Although the database software “SAP HANA” is characterized by “super” high-speed data processing by in-memory technology, SAP assumes that the feature is not limited to it. It is said that it is due to the design concept itself, and produces advantages that other companies do not have. High-speed processing by in-memory technology is the major feature provided by SAP HANA.
Secondary Effects Brought by HANA Column Store
Column stores are often used for vector processing that processes elements of vectors (arrays) in a large number of repetitive calculations compared with low stores, and compression is often taken advantage of, but from the architectural point of views effects to look at.
Structure that Does Not Cause Data Fragmentation
Oracle database stores data in fixed size data blocks (hereinafter referred to as “blocks”) in units of tablespaces. Storing, updating, and deleting variable-length data in fixed-length blocks causes various problems. For example, when trying to update data beyond the free space in a block, one record cannot be stored in the same block. Also, if the length of one record initially occurs, the block length, “row chaining” occurs where data is stored across two or more blocks (will move the data to another block, leaving the pointer in the original block.
Alternative, if data is deleted row by row with the delete statement, reusable free space occurs in the block, but if the record length to be stored in the subsequent INSERT statement exceeds the free space, small unused space fragments will be damaged (segment level fragmentation).
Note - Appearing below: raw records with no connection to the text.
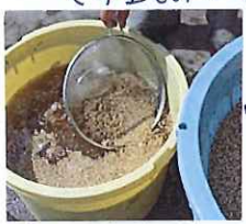
塩水で種まみを選ん...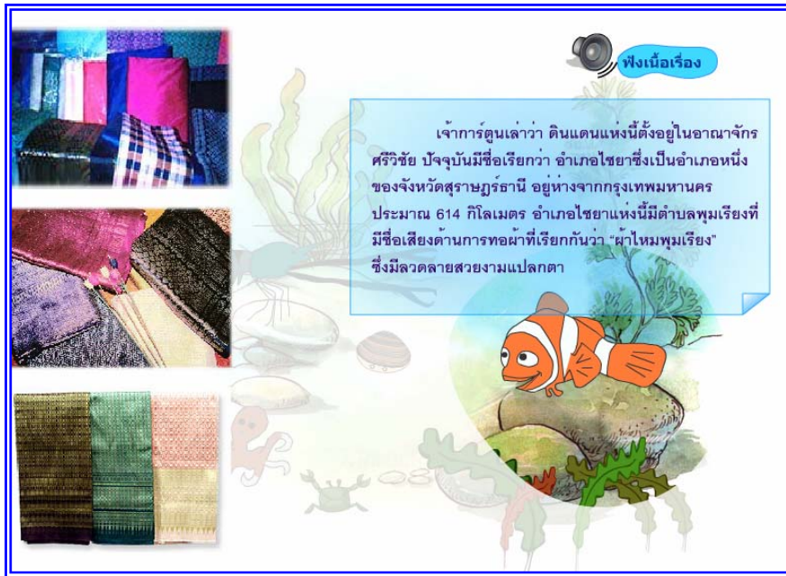
ภาพที่ 4.5 แสดงฉากที่ 4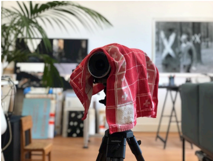
De met het bij Fonds Kwadraat geleende geld aangeschafte camera in afwachting van een project.

Voor de aanschaf van een nieuwe filmcamera. Ik heb samen met een voormalig student van het Sandberg Instituut – een performance kunstenaar die in Madrid woont – een scenario geschreven dat we in zijn geheel op IJburg wilden opnemen. Het was het verhaal van een beat-boksende chef-kok die een midlife crisis beleeft en het onderwerp van een documentaire wordt waarin hij zijn passie en inspiratie terug zou moeten vinden... Het was een zogenaamde screwball comedy. Maar dit soort projecten zijn in de huidige omstandigheden niet te maken zonder een aanzienlijk budget. Dus staat de camera nu onder een theedoek op een statief in mijn studio, te wachten totdat ik een project heb waarvoor hij wel kan worden ingezet. En daar werk ik ook aan; samen met een Britse schrijver ontwikkel ik een korte film die in twee dagen zou kunnen worden opgenomen. De hele gedachte van de aanschaf van deze camera was dat ik, net als in mijn laatste zelf gefinancierde speelfilm, onafhankelijk kon werken maar wel op een resolutie van cinema- en festivalkwaliteit. De vorige film die ik zo maakte was De Remigrant, over een man die na twintig jaar remigreert naar Nederland. Ik heb de film in zijn geheel bekostigd door de aanschaf van een camera. De rest was vrijwilligerswerk en heel veel geduld.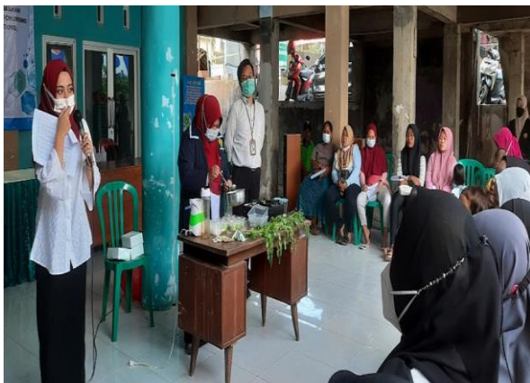
Gambar 5. Pemberdayaan Kader dan Ibu-ibu dalam pembuatan makanan tambahan bersumber pangan lokal di Desa Patemon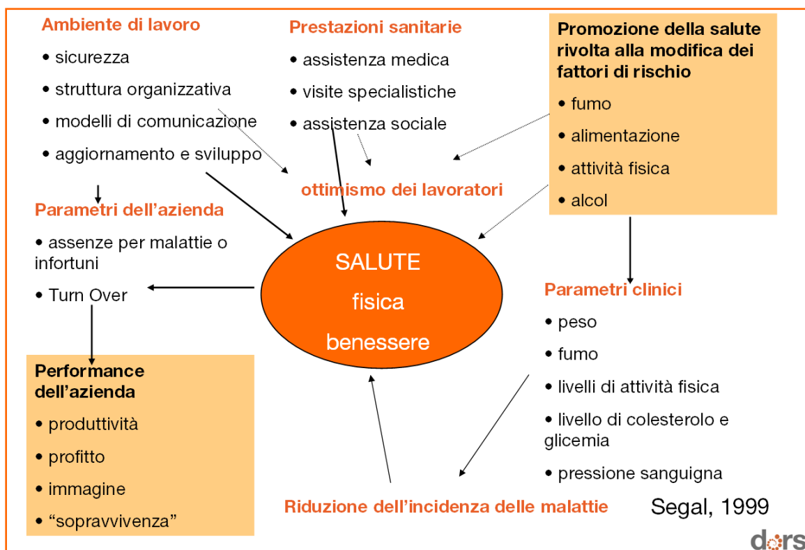
Figura 1- Gli effetti della WHP sulla performance aziendale XV .

La WHP, nata dall'incontro delle esperienze di igiene e sicurezza del lavoro con il mondo della promozione della salute, trova un suo convincente modello XVI XVII in quello sviluppato dal The Health Communication Unit del Centre of Health Promotion dell'Università di Toronto nel quale gli interventi di igiene e sicurezza del lavoro si integrano con quelli mirati ai cambiamenti organizzativi e al miglioramento degli stili di vita individuali (Figura 2) .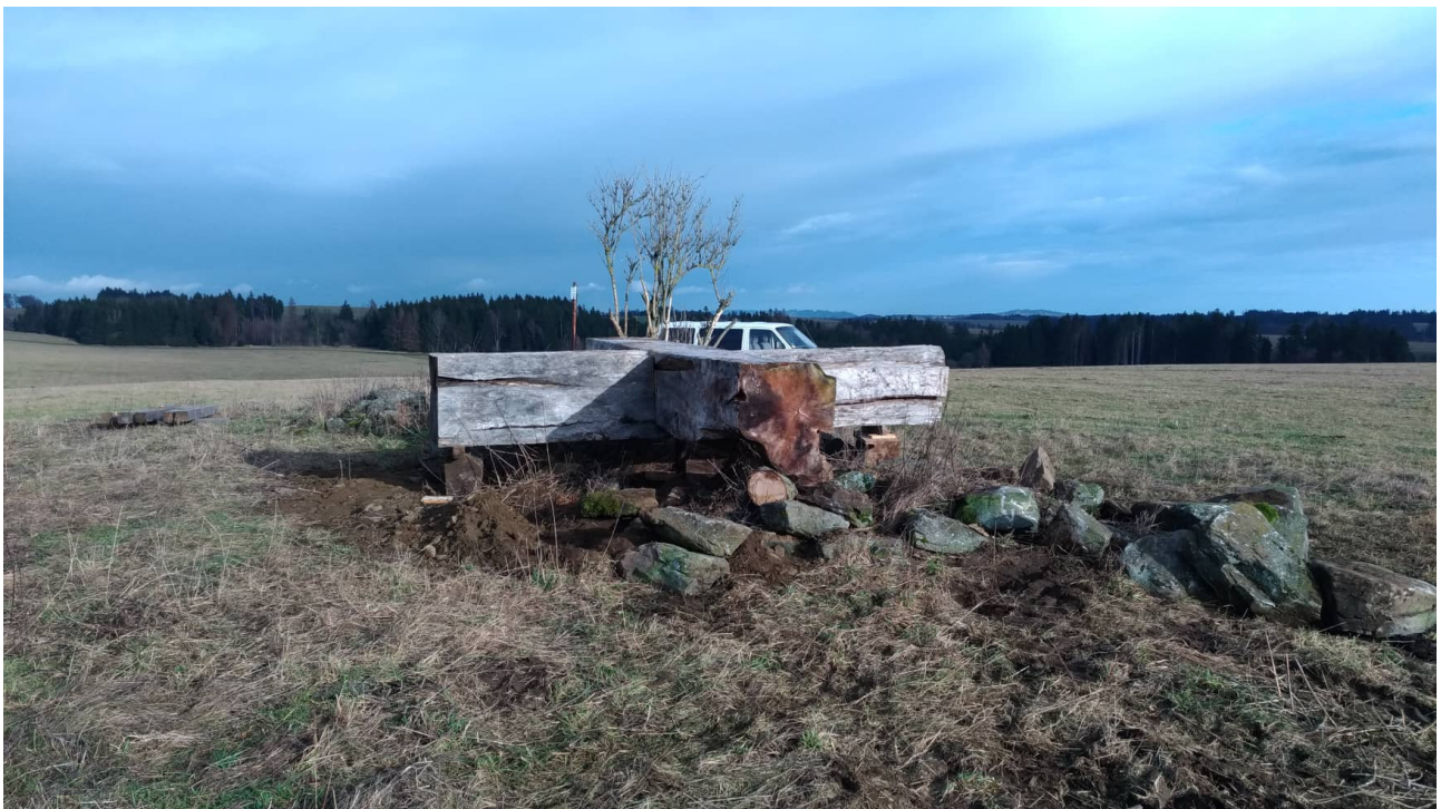
PŘÍLOHA 7 Semestrální práce - Atavismus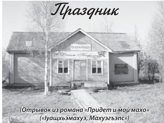
(Отрывок из романа «Придет и мой мах» («Йуащхэмахуз, Махузгъэпс»))

- Ты ведь рисованию учишься? – Роза подходит совсем близко, она не сменила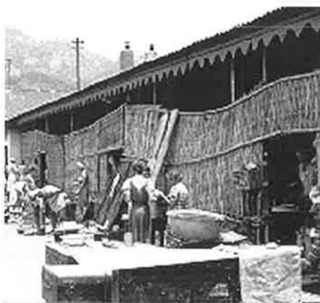
Vrouwenkamp in Ambarawa of het nabijgelegen Banjoebiroe. In de provisorisch met bamboematten afgeschermd galerijen van barakken werden vrouwen en kinderen gehuisvest.

Niet alleen de scheiding van familie ver weg, maar vooral de scheiding van geliefden in Indië was reden om een dagboek te beginnen. Militairen werden namelijk krijgsgevangen gemaakt en weggevoerd van vrouw en kinderen. Bij de internering van de Europese burgerbevolking werden de mannen afgezonderd van de rest van hun gezin ondergebracht en van contact tussen de kampen was zo goed als geen sprake. Voldoende reden voor velen de eigen belevenissen op te tekenen om na de oorlog de naasten te kunnen laten lezen. De belevenissen en uitzonderlijke gebeurtenissen op zich vorm-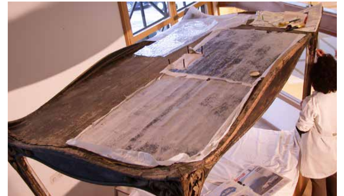
Fixació de la capa de lacat

L'estrat del lacat es va fixar per assentar els aixecaments, mitjançant un empaperat amb cola animal i espàtula calenta. Un cop s'aconseguí un bon assentament es va fer una neteja molt superficial amb aigua destil·lada i després es va aplicar una capa de vernís molt suau per equilibrar les lluentors. Les zones amb pèrdues de color es van reintegrar cromàticament amb un baix to, per tal d'unificar la lectura de l'obra.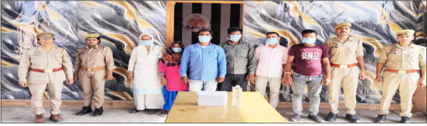
पटवाई पुलिस की गिरफ्त में आरोपी।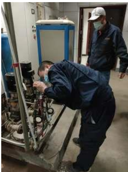
调整远传压力表参数

自 10 月 31 日良乡校区供暖系统冷态运行以来，我班组积极进行供暖调试。供暖前期调试过程中，有三项主要工作。第一、供暖前期供暖系统排气，工作时间紧；工作量大；范围广；入户难。第二、管道腐蚀漏水（跑、冒、滴、漏）工作，必须及时抢修处理。第三、设备故障与供暖系统循环不畅。在此期间，所有员工不辞辛苦，日夜奋战，在 11 月 3 日按期实现供暖点火试运行。为全体师生交了一份满意的答卷，为正式供暖奠定了良好基础。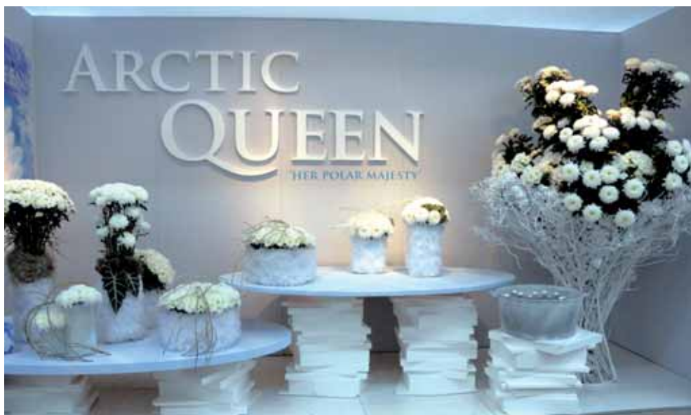
A destra la suggestiva presentazione di 'Arctic Queen' sua maestà polare

On the other hand, SAP HANA’s column store has no mechanism to store row data in data blocks, so there is no room for fragmentation to occur in Oracle databases etc. Also, Delta Merge, a very important function of SAP HANA introduced in the second series, properly sorts and compresses data in main storage, maintaining the optimal data structure for reading. Therefore, in this respect SAP HANA can be said to be a database that is less aged than a low store database.
Clustering Factor and Irrelevant Index
As introduced in the 4th series , SAP HANA (main storage) value arrays can be searched at high speed by binary search without creating an index. That is, it has the same effect as indexing all columns in a low-store database (although the value ID array needs an index to avoid a full scan). However, since tables and indexes exist as separate objects in a low-store database, even if you create indexes on all columns, there is no guarantee that they will be the best indexes.
The performance is good if the actual table data are gathered in the same block for multiple rowids obtained in the INDEX RANGE SCAN, and the performance is degraded if they are distributed in separate blocks.
Because the clustering factor (CF: CLUSTERING FACTOR), which indicates the degree of data concentration dispersion, depends on the data storage situation, the index CF for keys that increase over time is generally good, and it is worse for indexes that do not. This is the fate of a low store where data is stored as a raw image, and if you try to improve the CF of a certain column, it is necessary to re-store the entire data in the order of the corresponding key.
In the case of the HANA column store, the data is independent for each column, so the index necessary for speeding up value ID array search or non-unique key search does not have the concept of CF in the first place. This means you can create the best index for any column. The only in-memory-specific HANA is three times faster than the Oracle Database 12c in-memory option.